Just to be fair, let me throw in another example:

“If the moment of inertia tensor is not diagonal, unstable perturbations will develop.”

Does this sentence make any sense to you? You have no context with which to understand it. How else could you respond to it other than to throw up your hands and say "Syntax error!”?

Here’s a quick and simple exercise you can try your hand at. It will show you how to talk to a computer using JavaScript. This is ridiculously easy — but it’s only the first example. There will be many more.

Exercise: Hello World

Here’s another exercise that gives you a chance to deliberately screw up and see what happens:

Exercise: Syntax Errors


Communication Responsibility
Whose fault is it when communications fail? Who has the responsibility for insuring that the communication gets through clearly: the speaker or the audience? We Americans, steeped in egalitarianism and a spirit of cooperation, tend to answer that both sides share responsibility for clear communications. I disagree, and I think that your experiences with computers will lend weight to my position. I think that the responsibility for clear communications falls squarely on the shoulders of the speaker.

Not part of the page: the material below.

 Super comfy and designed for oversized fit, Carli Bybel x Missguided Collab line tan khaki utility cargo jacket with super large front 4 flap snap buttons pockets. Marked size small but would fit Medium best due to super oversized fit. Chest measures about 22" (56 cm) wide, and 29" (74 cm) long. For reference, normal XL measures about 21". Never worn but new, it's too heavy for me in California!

In theory, the audience of a communication is supposed to give feedback to the speaker on how clearly the message is getting through. Thus, if you and I are conversing, and something I say doesn’t make sense to you, you are supposed to say, “Run that by me one more time, please.” This scheme insures that our conversation will move smoothly and efficiently.

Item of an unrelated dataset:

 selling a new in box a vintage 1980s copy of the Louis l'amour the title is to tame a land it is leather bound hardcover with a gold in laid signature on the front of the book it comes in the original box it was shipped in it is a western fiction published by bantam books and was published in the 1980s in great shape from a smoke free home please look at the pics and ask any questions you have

In the real world, however, this seldom happens. Sometimes the audience doesn’t want to appear stupid by asking a dumb question. Sometimes the listener believes that his confusion is temporary and will quickly abate. Sometimes the listener is so completely lost that he doesn’t even know where to begin. Whatever the cause, he just nods his head knowingly and mutters, “OK”.

How then can we communicate well if our audience can’t be trusted to speak up when it is confused? There is only one sure-fire solution, and that is to assume very little of the audience. You must be pessimistic, assuming that everything you say is lost on the audience. You must drive home every single point with ruthless drive and determination. You must be a defensive driver, imagining what is going on in the mind of the audience, trying to guess where they might be tripped up next. This is the only way to communicate with confidence.

It is a hard lesson to learn, but the computer provides an excellent training ground. It assumes nothing, knows nothing. It has no context with which it can second-guess what you really meant to say. It can respond to your commands only in their absolute, literal sense. It will indeed drive you crazy. But it will also discipline you to think hard about exactly what you say. It is a sobering experience to have so many of your commands rejected as syntax errors — you never knew you were so sloppy a communicator. But once you learn to express yourself clearly and carefully, you will find that the number of syntax errors you generate will fall.

The lesson you learn in the process will benefit you in many areas other than computers. Precise communications are important in almost everything we do. How many arguments have you endured that were started by a misunderstanding? How many foul-ups have you gotten into because somebody didn’t express themselves exactly? I well remember the time my father drove 30 miles to pick me up “at the Doggie Diner on Main Street”. Neither of us knew that there were two Doggie Diners on Main Street. He went to one, I went to the other. If I had been more specific, the screwup would never have developed.

The most powerful demonstration of the crucial importance of precise communications is provided by an airline accident some years ago. As I recall, the tower had instructed the pilot, "Come down 3000". This was an ambiguous instruction; was the pilot instructed to come down to 3000 feet, or was he ordered to come down by 3000 feet? The pilot assumed the former, but the tower meant the latter. The pilot came down to 3000 feet; there was a mountain at 3200 feet; there were no survivors. Precise communications can be a matter of life and death.